The Purpose and Importance of Having a Brand Strategy
There are so many reasons why you need a brand strategy, whether you are a start-up or an established business recognising the importance of a long term plan to establish a strong brand presence in your business landscape.
By developing brand strategy, a business defines and puts in place a plan for creating, building a brand to be wholly resonant with the capacity to connect and engage the business’ the emotions and needs of the target audience, through discovering and harnessing its purpose, formulating and underpinning a certain perception in their minds, linked to the business’ tangible and intrinsic qualities as perceived in the products, services or both and its delivery and discover a path to defining, delineating and owning a position in the mind of their target audience. The promises and personality evinced through these elements are also indispensable anchors to the brand that the work of defining brand strategy for your business seeks to realise and establish.
The purpose therefore of defining a brand strategy is to encode the plans and processes to enable the business to be differentiated and successfully compete, grow and be sustainable over time. It should drive how the business operates, how it sounds and presents, enable clarity of its purpose in its practices.
Bridging the Strategy-Operations gap
A well-defined brand strategy provides a powerful basis for building the brand and it takes work and it takes time. It requires range and control. It is important when solving short term problems, like undertaking a business or technology transformation, that the long-term goals and drivers of the brand strategy are not lost, squandered or ignored.
As with all strategic vehicles, the brand strategy may sit uneasily with the tactics driven activities the business will undertake within marketing, IT and operationally focused improvements that require project management and analysis, leading frequently to a phenomenon I call ‘ solving in siloes’ which has the tragic net effect of eroding the brand’s strategic imperatives.
This especially important when the brand is seeking growth or has acquired what will amount to sub-brands that may need to be subsumed under a Masterbrand if the risks of cannibalisation can be mitigated.
What Brand Strategy is Not and the Pivotal Role of Research
Brand strategy is NOT your branding collateral- getting your logo and slogan together does not cover it. Brand strategy and the work that it is based upon should ideally lead your branding or rebranding efforts because it should be based on research, on data, on feedback from the kind of people you hope to influence to like and buy into your brand. First, you must get into their minds and let your strategy be driven and dictated by them.
Once this research has been undertaken and a greater understanding of the customer are obtained, the brand’s story and primary message can be crafted upon which your marketing campaigns can be based.
Defining strategy helps to discover who your customers are, help to define what your business goals are and what your brand’s purpose should be. Knowing these makes your messaging far more compelling because you are speaking exactly what they want to hear directly to the very people who need to hear it. It’s powerful.
Interestingly enough, the brand strategy also can and should define your business culture and employee experience.

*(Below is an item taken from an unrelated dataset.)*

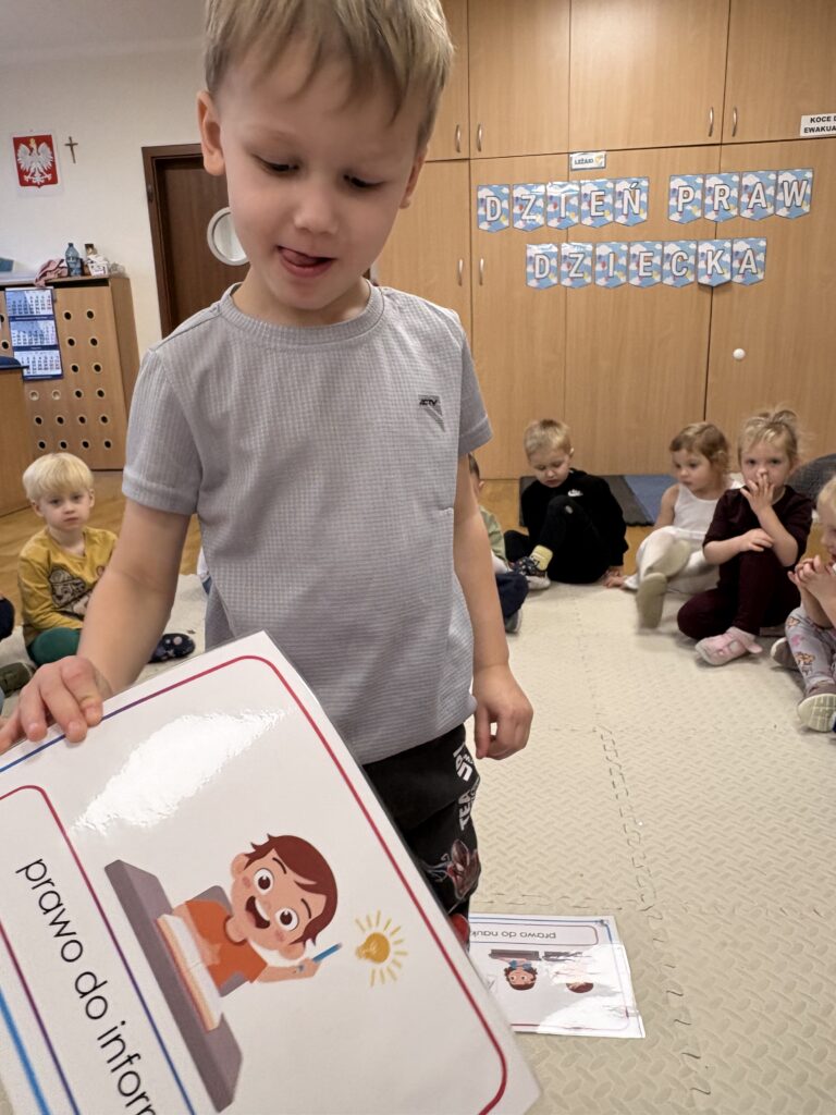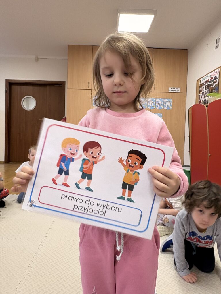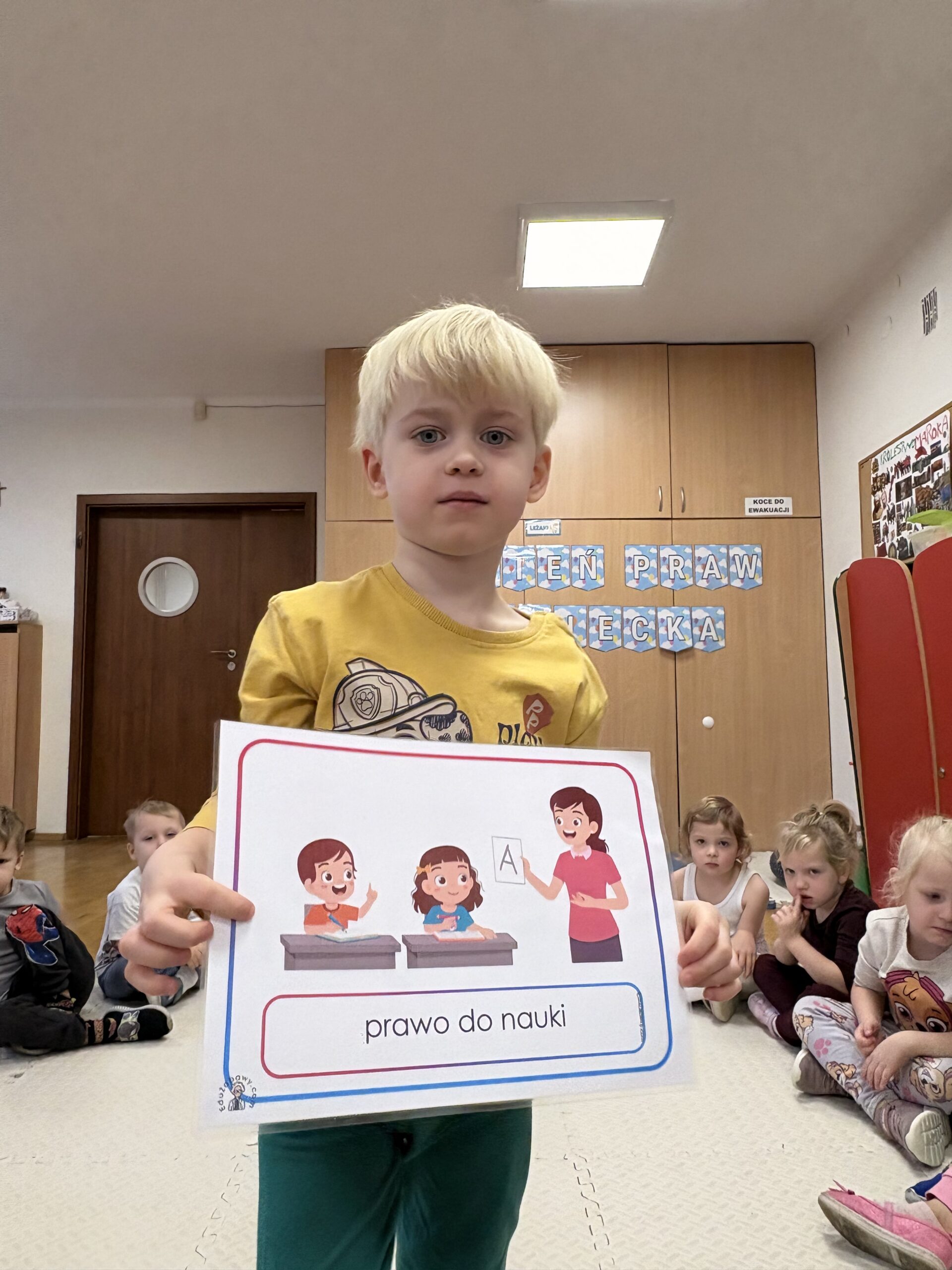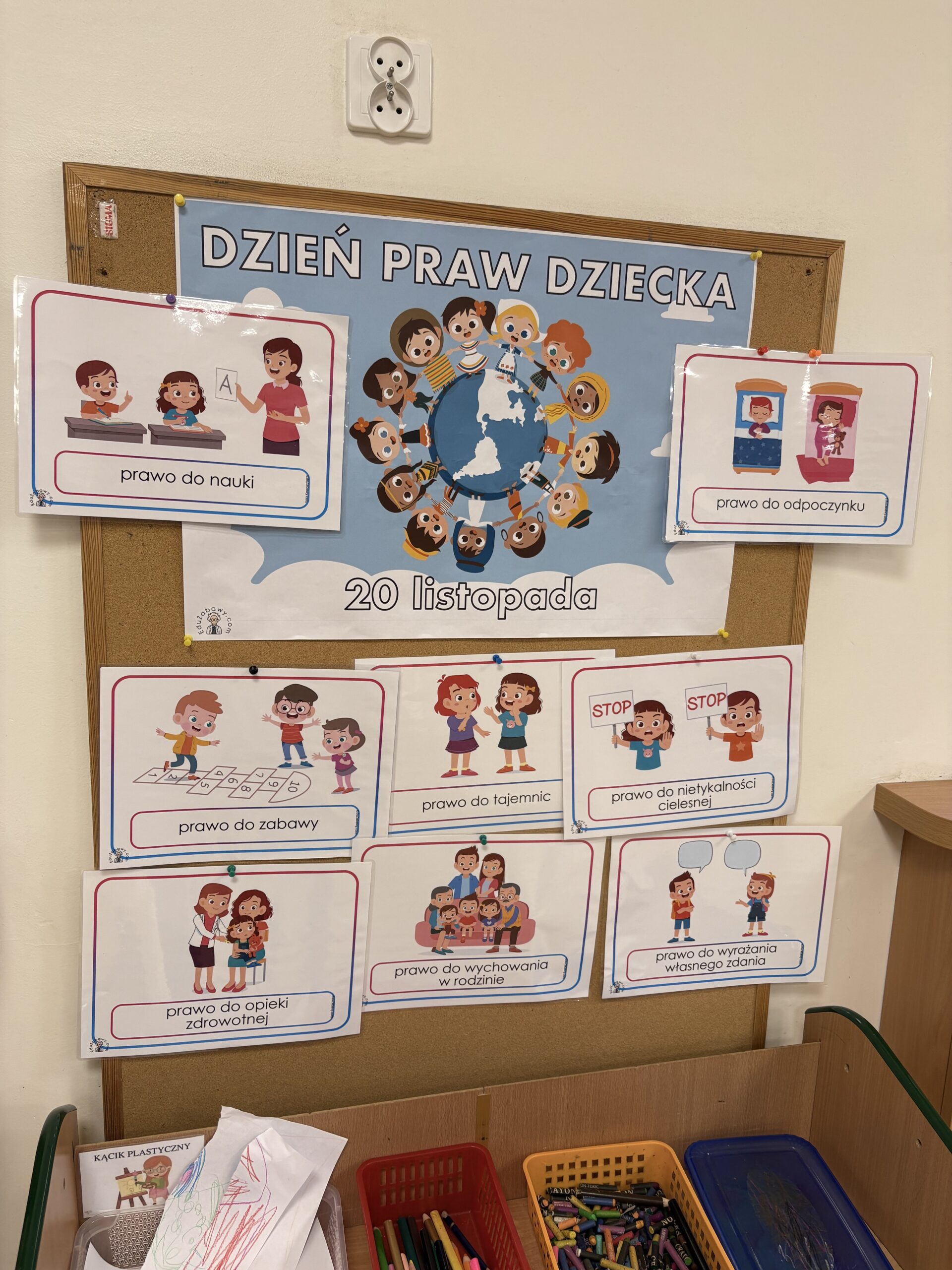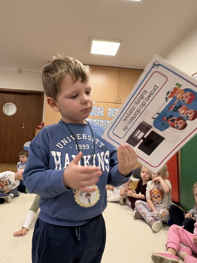 W naszej grupie świętowaliśmy dziś Międzynarodowy Dzień Praw Dziecka. Podczas zajęć dzieci dowiedziały się, czym są prawa dziecka i dlaczego są tak ważne w codziennym życiu. Wspólnie wysłuchaliśmy piosenki, która w przyjazny sposób przedstawiała najważniejsze prawa, a następnie dzieci samodzielnie nazywały te, które zapamiętały i uznały za szczególnie ważne.

Brand strategy helps determine the sentiment you should aim for when defining the brand experience to ensure that it is end to end, that the components that build and assure it and shored up, reflected and echoed across all parts of the business, for the purpose to remain authentic and borne out. This makes it so important that in any initiative of note within the organisation, the brand strategic objectives of the business are always kept in focus.
Brand Strategy as Story
Aspirational branding, strong branding effective branding all have this one thing in common. They depend on and are built around the story and take time, research, data to flesh out the inputs to the components of that story. The story needs to move people. It needs to inspire them and give them a belief system around which their entire experience with your company revolves.
Your story is the big idea that encapsulates your purpose, promise and perception, and from which your messages, personality and marketing campaigns are derived. The story your strategy makes must make and strengthen the connective tissue between your brand’s messaging that elicits the emotions and beliefs in your customers that you want.
The purpose of branding ultimately is recognisability and recall-ability both of which depend on some factors that denote remarkability – characteristics that do not rise off just a 2-dimensional flat logo anchored to no big ideas and no great story.